Day 47: Reflective Mindfulness

Photo by Hannah Olinger on Unsplash

Photo by Hannah Olinger on Unsplash

We think about mindfulness as an in-the-moment practice. But we can also be reflective about events that have already occurred in a way that brings more clarity to our continued perseveration over those events. In Mindfulness for Teachers, Tish Jennings talks about our “scripts” that we have around students, parents, and colleagues that impact how we react to them.
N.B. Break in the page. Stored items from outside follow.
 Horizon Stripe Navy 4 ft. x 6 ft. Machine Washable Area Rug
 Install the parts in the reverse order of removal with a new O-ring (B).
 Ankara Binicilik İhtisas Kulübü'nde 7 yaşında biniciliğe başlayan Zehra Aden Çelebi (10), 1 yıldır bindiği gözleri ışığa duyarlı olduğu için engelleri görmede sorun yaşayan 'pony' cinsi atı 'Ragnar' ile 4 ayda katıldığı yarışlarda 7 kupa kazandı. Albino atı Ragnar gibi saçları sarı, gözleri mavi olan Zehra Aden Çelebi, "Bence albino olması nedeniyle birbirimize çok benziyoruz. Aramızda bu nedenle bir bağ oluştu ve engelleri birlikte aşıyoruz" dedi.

If we cannot clearly see our own stories about the people around us, we both add layers of difficulty to our own experience and are unable to respond effectively to what is happening.
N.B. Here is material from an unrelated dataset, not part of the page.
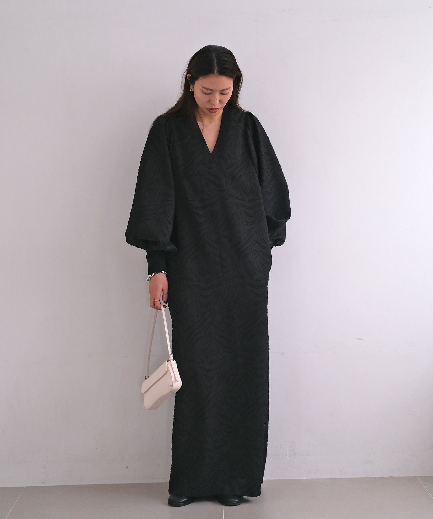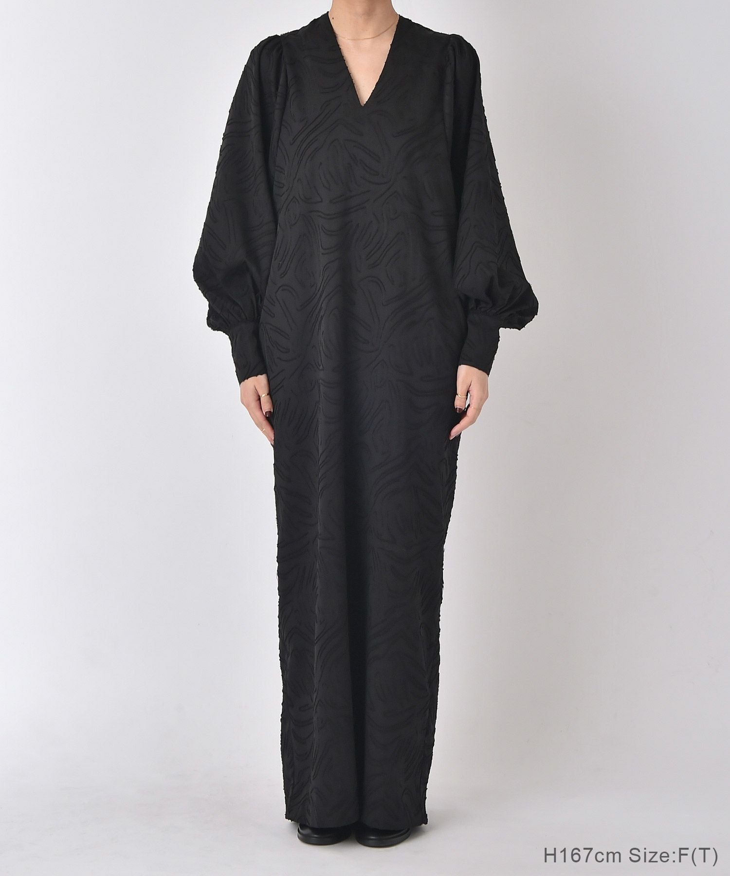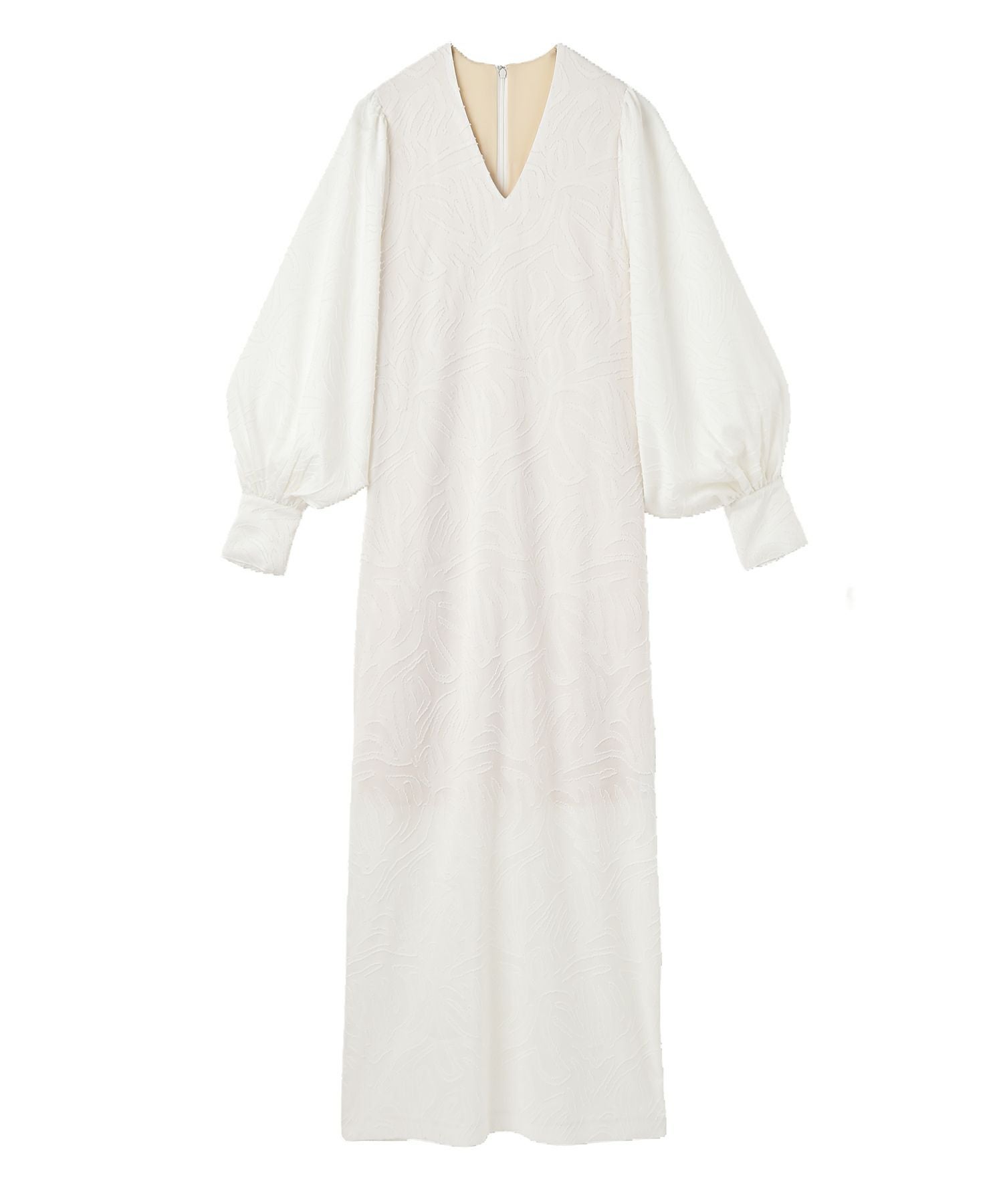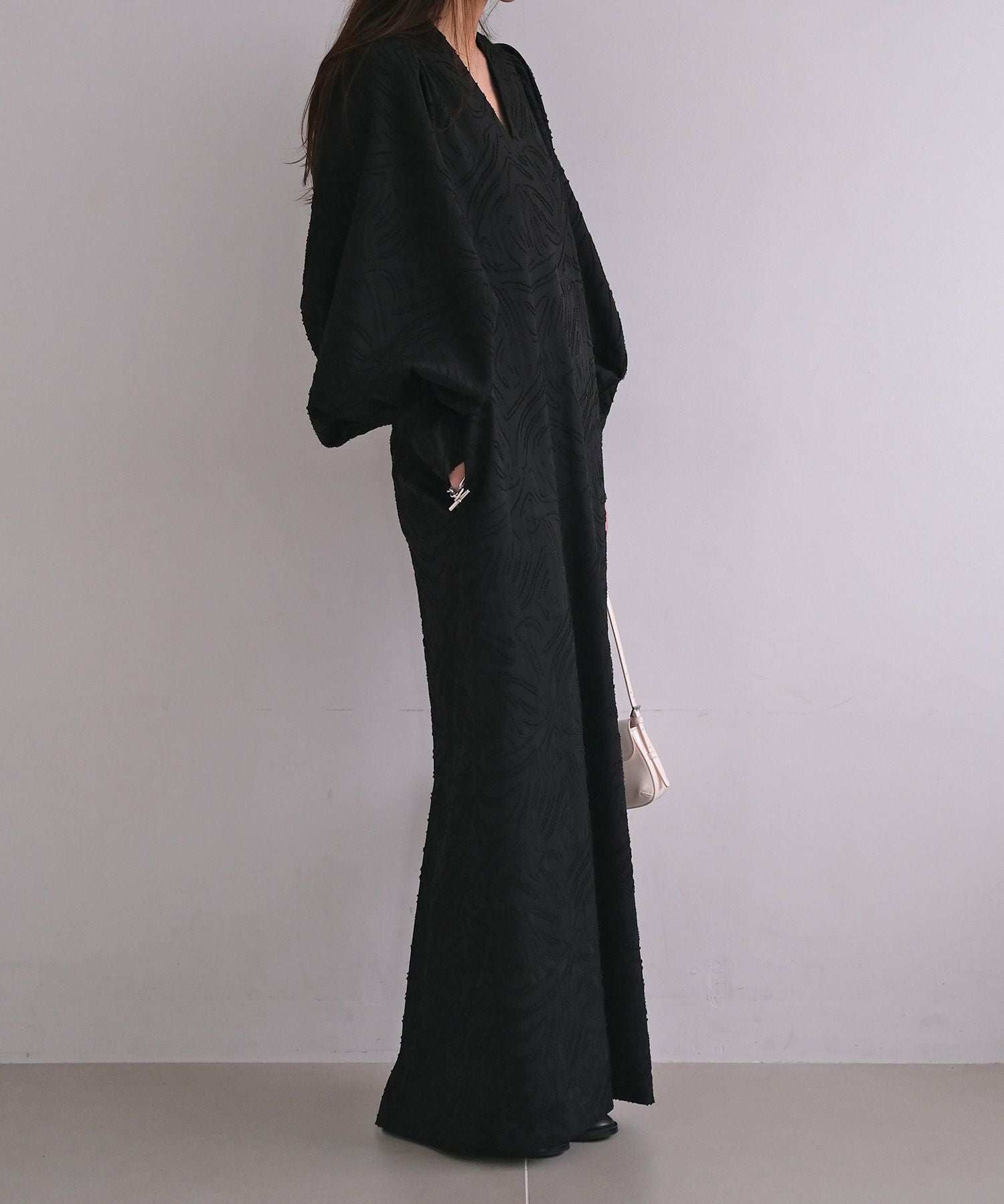 ボリュームスリーブとジャガード素材が大人に華やぐワンピース

I spent Friday with a group of 40 educators, and we took some time to consider our scripts about kids/parents/colleagues and their behaviors as a way of gaining a deeper understanding of what is happening in those moments we find difficult.
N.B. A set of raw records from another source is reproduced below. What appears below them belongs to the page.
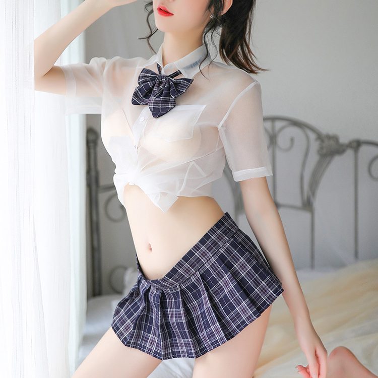 Cosplay học sinh voan trong suốt, kiểu dáng thiết kế hiện đại trẻ trung mang đến cho bạn gái vẻ đáng yêu gợi cảm. Ba màu: hồng, xám, xanh. (freesize)
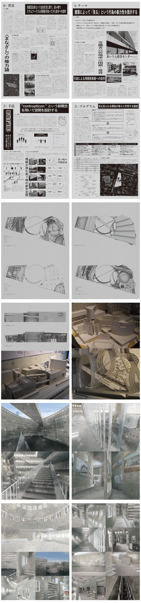 スラムツーリズムへの批判として、その「まなざし」に注目し、「見る」という行為の暴力性を提示する。建築によって「見る」という行為の暴力性が主体に返っていくような操作を行うため、「見ようとするほど見られる空間」を作る。「見ようとするほど見られる空間」の要素として”contropticon"という新概念を提案し、見るー見られる関係の考察と釜ヶ崎の空間的要素を組み合わせて作る。それにより建築を構成し、あいりん総合センターの建替案とすることで、釜ヶ崎におけるスラムツーリズムへの批判とした。
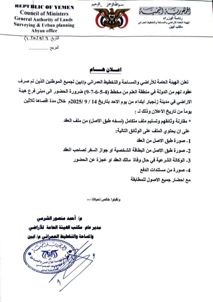 تعلن الهيئة العامة للأراضي والمساحة والتخطيط العمراني م/ابين لجميع الموطنين الذين تم صرف عقود لهم من الدولة في منطقة العلم من مخطط (4-5-6-7-9) ضرورة الحضور الى مبنى فرع هيئة الاراضي في مدينة زنجبار ابتداء من يوم الاحد بتاريخ 14 / 2025/9م خلال مدة اقصاها ثلاثين يوماً من تاريخ الاعلان وذلك لـ :
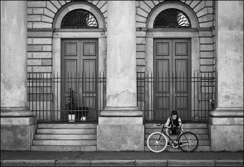 molto bella e ben composta,giusto secondo me rifilare gli archi dando più respiro sotto chiudendo con la fine del marciapiede,piccola curiosità i due colori delle gomme della bicicletta sono post produzione? _________________ SATURNO E' ANCORA CONTRO!!! NON E' CHE NON SO FOTOGRAFARE, E' LA POST PRODUZIONE CHE MI FREGA!
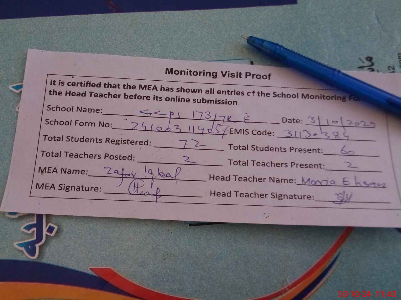 | Monitoring Date: 03-10-2024 | Start Time: 03-10-2024 11:29 AM | End Time: 03-10-2024 11:43 AM | Name of MEA: Za**** Iq**** BN**** | |
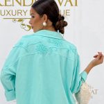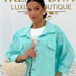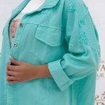Be the first to review “Mint-colored denim jacket with a flower pattern on the top, loose fit”

As a practice, we took a recent event that was emotionally triggering with a student, parent, or colleague and teased it apart:

(1) OBJECTIVE EXPERIENCE: As best we could, describe what actually happened, without layers of judgement or conjecture.

(2) SCRIPT: What story did we have about that person and about ourselves in relationship to that person?

(3) EMOTIONS: What emotional response did that script about that event trigger?

By breaking it down, we noted that we gained some empathy for the other. We could more easily see how our thoughts played a role in the interaction as much as the event itself. We thought we could more easily go into the next interaction with that person as we would want to, open-hearted and present, with the script noted and checked.

Try taking apart a difficult interaction in this way and see if you can gain any clarity into your own narrative.